## Data for the task

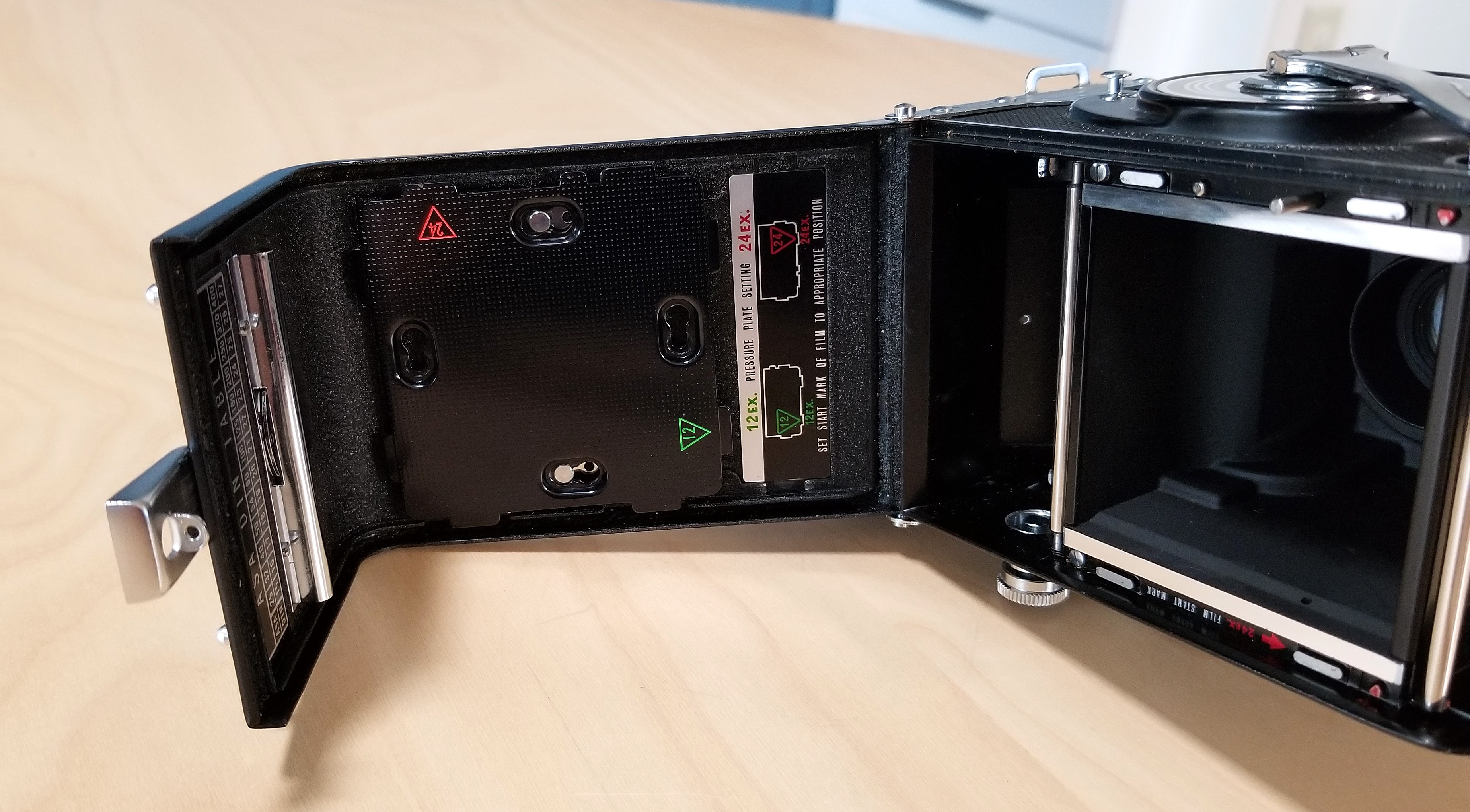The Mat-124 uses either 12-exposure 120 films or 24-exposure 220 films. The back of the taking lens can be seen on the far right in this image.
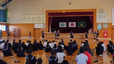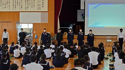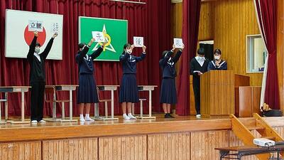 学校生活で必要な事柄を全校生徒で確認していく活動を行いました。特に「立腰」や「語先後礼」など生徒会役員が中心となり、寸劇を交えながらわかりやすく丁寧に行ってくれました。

--

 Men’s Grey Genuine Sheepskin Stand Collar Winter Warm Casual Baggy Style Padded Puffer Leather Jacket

## Aim of the task
Find the line with "The Mat-124 uses" and the line with "学校生活で必要な事柄を全校生" in the records above. Copy both and all lines between them exactly, without pictures.

## Answer to the exercise
The Mat-124 uses either 12-exposure 120 films or 24-exposure 220 films. The back of the taking lens can be seen on the far right in this image.
 学校生活で必要な事柄を全校生徒で確認していく活動を行いました。特に「立腰」や「語先後礼」など生徒会役員が中心となり、寸劇を交えながらわかりやすく丁寧に行ってくれました。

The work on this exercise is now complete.